Requirements for a Solvable System

As Press explains, not every set of nonlinear equations has a solution. You must carefully examine the mathematical model to determine whether a solution exists and is easily found. A full discussion of proving solvability is beyond the scope of this article, but you can apply a few criteria to be relatively sure that a solution exists.

The first test you should perform is to determine if there is a practical reason that a solution should exist. This is easy, because the customer usually wants the solution to some physical system. If the customer didn't reasonably expect a solution to exist, she probably wouldn't have asked us to find one in the first place. If we are modeling a hydraulic pipeline system, for example, we know that fluids will flow under normal conditions. If, however, the physical system we are modeling has some slack or ambiguity, the equations are not likely to solve.

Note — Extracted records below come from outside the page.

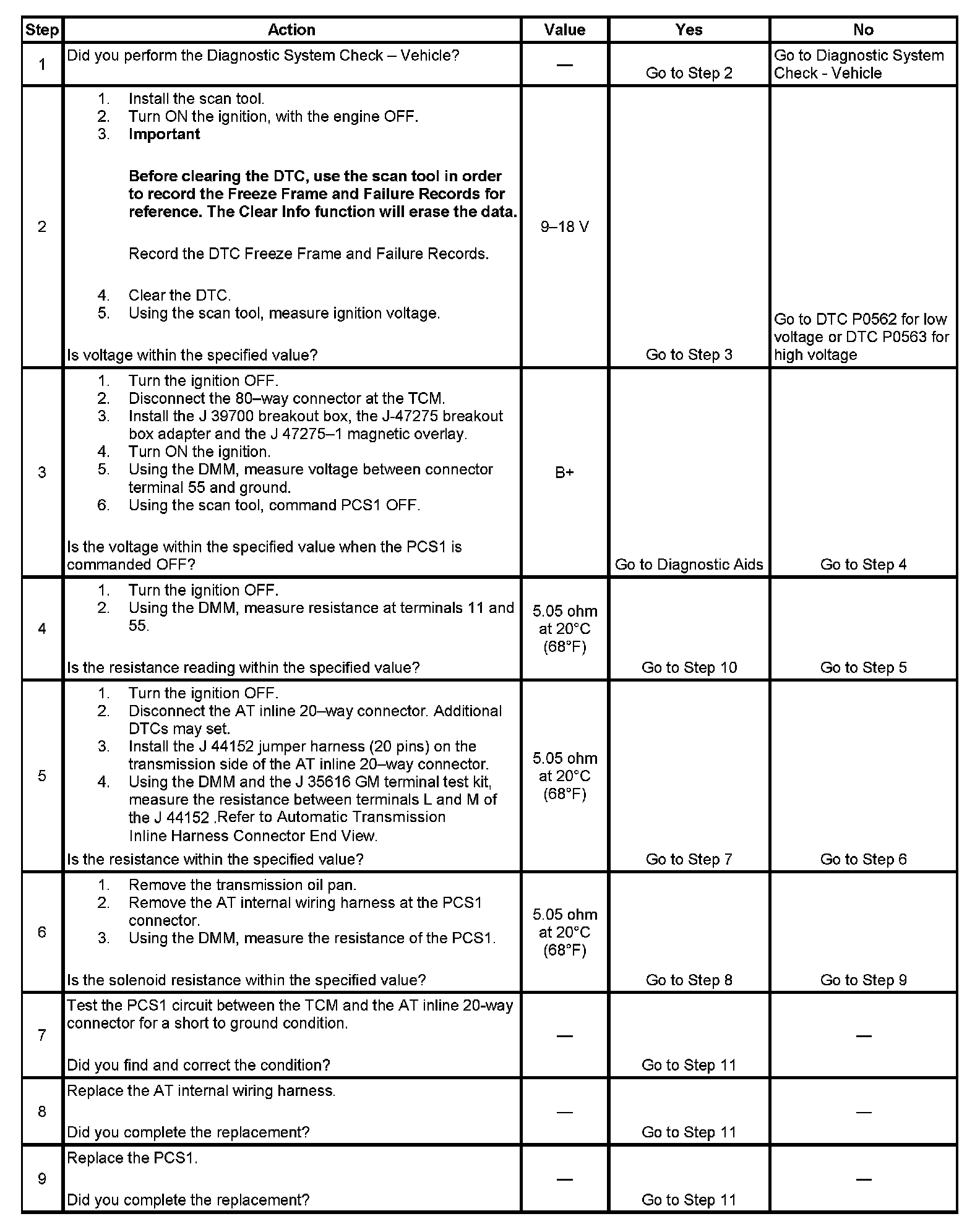 DTC P2729 Pressure Control Solenoid 1 (PCS1) Control Circuit Low (A)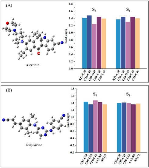 | Rilpivirine | 21.8 a 159.0 b | 756.0 a 744.6 b | S0→S1 a (HOMO → LUMO) S0→S1 b (HOMO → LUMO) | 0.546 b |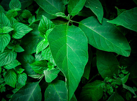 Green leaves background. Green leaves color tone dark in the morning. Tropical Plant,environment,photo concept nature and plant.

The second test for solvability is to look for discontinuities. Look at the equations for conditions that would cause a denominator to go to zero, or would cause you to take the log or square root of a negative number. Make sure that valid inputs stay far away from these places. You may even wish to go so far as to plot the equations, to look for either sharp changes in slope, or oscillations. The most solvable equations are those that always increase or decrease, never change direction or flatten out.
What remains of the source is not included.